Mining of copper in Chile is done chiefly on large and giant low-grade porphyry copper deposits. Copper deposits of similar age in Chile occur in elongated geographical patterns which are termed metallogenic belts. Five metallogenic copper belts have been identified by geologists in Chile. The main two of these are the Late Eocene-Oligocene belt in the far north and the Middle Miocene-Early Pliocene belt in north-central Chile with the first one hosting most copper resources. The other metallogenic belts containing porphyry copper deposits are a discontinuous Cretaceous belt, the Paleocene belt and the Early-Middle Miocene belt, both of which are located in northern Chile. All these ores formed episodically during the span of the Andean orogeny except for the Jurassic when the orogeny was not contractional but extensional. Within the Late Eocene-Oligocene belt the following copper deposits and mines, from north to south, are aligned around Domeyko Fault: Collahuasi, Quebrada Blanca, El Abra, Radomiro Tomic, Chuquicamata, Escondida, El Salvador and Potrerillos. In the Middle Miocene-Early Pliocene belt the main deposits and mines are Los Pelambres, Los Bronces and El Teniente. (Note: When not considering the other three belts, these two belts are sometimes referred to as the Paleogene belt and the Neogene belt.)

It has been proposed that the giant porphyry deposits of the Eocene-Oligocene belt formed in a context of oblique subduction that had an associated magmatism of adakitic character, scant volcanism and attenuated escape of SO_{2}. Ore-forming magmatism has in this context been termed "closed porphyry systems" that had limited degassing that would have led to the formation of highly oxidized deposits rich in sulphur. In contrast, deposits of the Paleocene–Early Eocene belt such as Lomas Bayas and Spence are smaller and associated to more orthogonal subduction and ordinary calc-alkaline non-adakitic magmatism that included plenty of volcanism.

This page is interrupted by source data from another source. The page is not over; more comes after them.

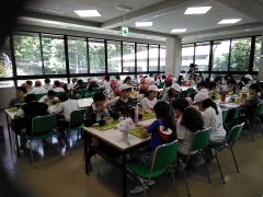 オリエンテーリングが終わり、食堂でお昼ご飯です。メニューは牛丼です。
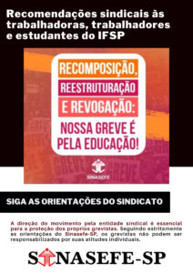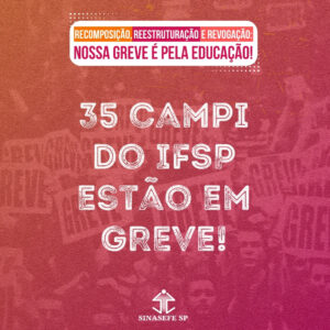 A partir do dia 03.04.2024 os Campi do Instituto Federal de Educação, Ciência e Tecnologia de São Paulo (IFSP) entram em greve, num movimento nacional, articulado com toda a base do Sinasefe e também com professores e técnicos administrativos das universidades federais.
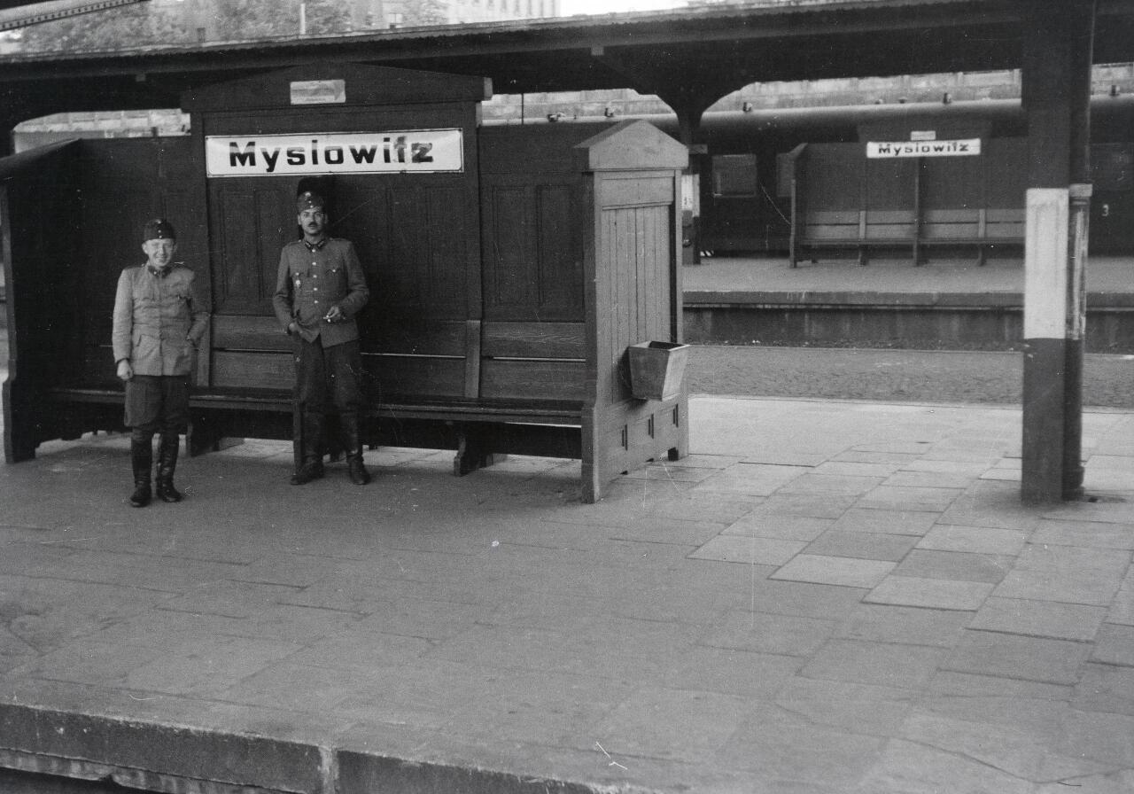 Węgierscy żołnierze na stacji w Mysłowicach. Peron 2, w tle peron 3. Widok w kierunku południowo-zachodnim: w lewo Mysłowice Kosztowy/Oświęcim, Jęzor/Jaworzno Szczakowa, w prawo Szabelnia, Stawiska (dalej stacja Katowice, Katowice Janów, Chorzów Stary).
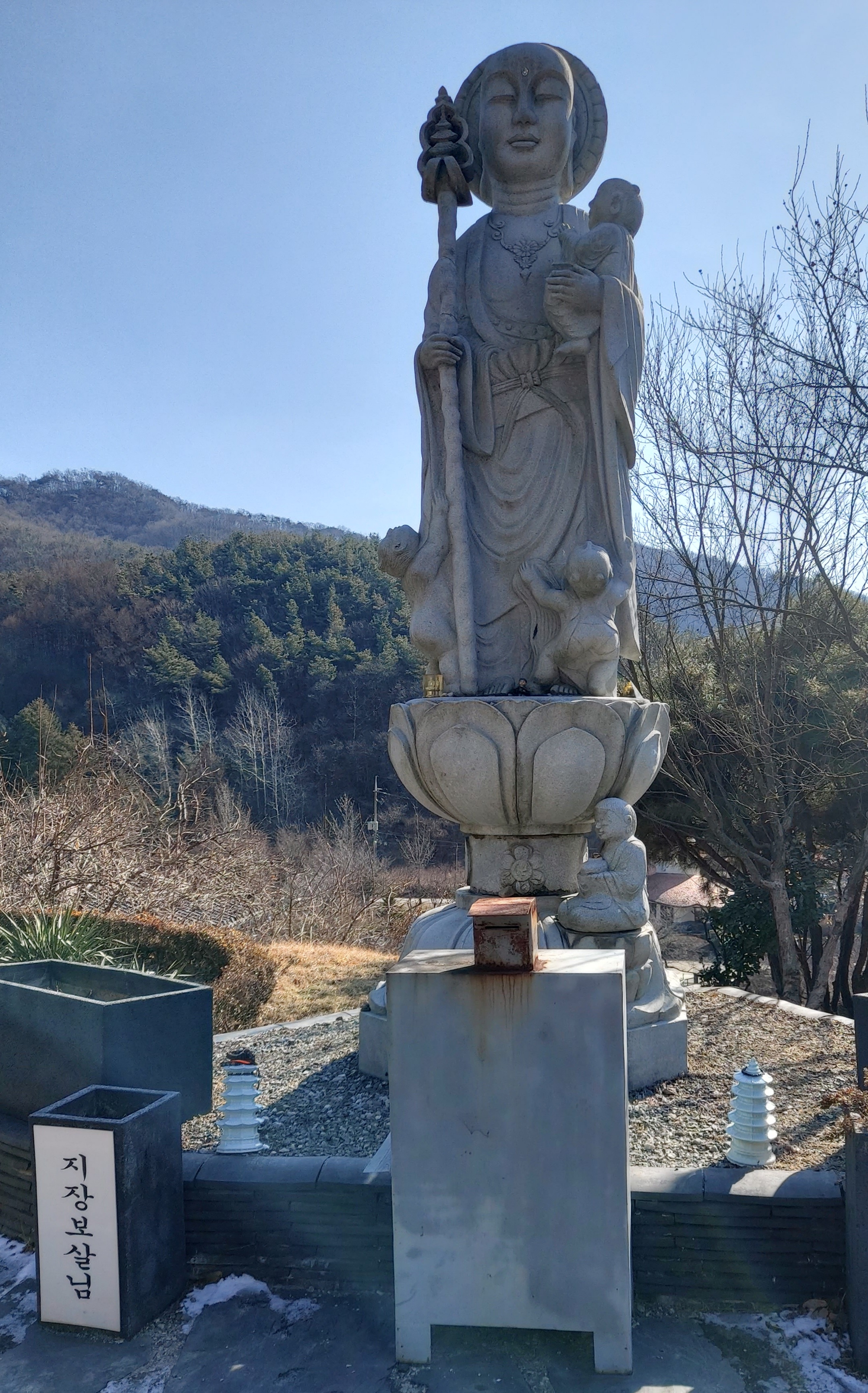 지장보살님의 모습입니다. 보살님 곁에 여러 사람이 매달린 형상이 왜그런지 궁금했는데, 검색을 해보니 지장보살은 지옥에서 고통받는 중생들을 구원하기 위하여 지옥에 몸소 들어가 죄지은 중생들을 교화, 구제하는 지옥세계의 부처님으로 신앙받는다고 나오네요. 좀 이해가 되는것 같습니다.
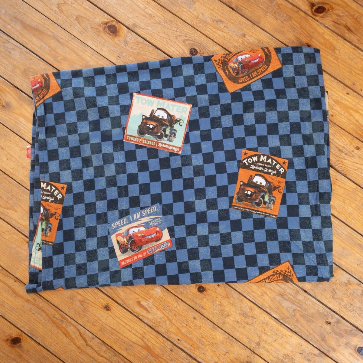 - USAヴィンテージ ベッドシーツ CARS カーズ リメイク生地 素材 格子柄 車 ライトニングマックイーン フラットシーツ アメリカ仕入 B2648

Various authors have indicated that intersections between continent-scale traverse fault zones and arc-parallel structures are associated with porphyry formation. In Chile this has been pointed out to be the case of Escondida, Los Bronces and El Teniente porphyry copper deposits each of which lies at the intersection of two fault systems.

A few copper deposits in Chile are labelled "exotic" as they originate from kilometer-scale lateral migration of copper-rich fluids originating in porphyry copper deposits.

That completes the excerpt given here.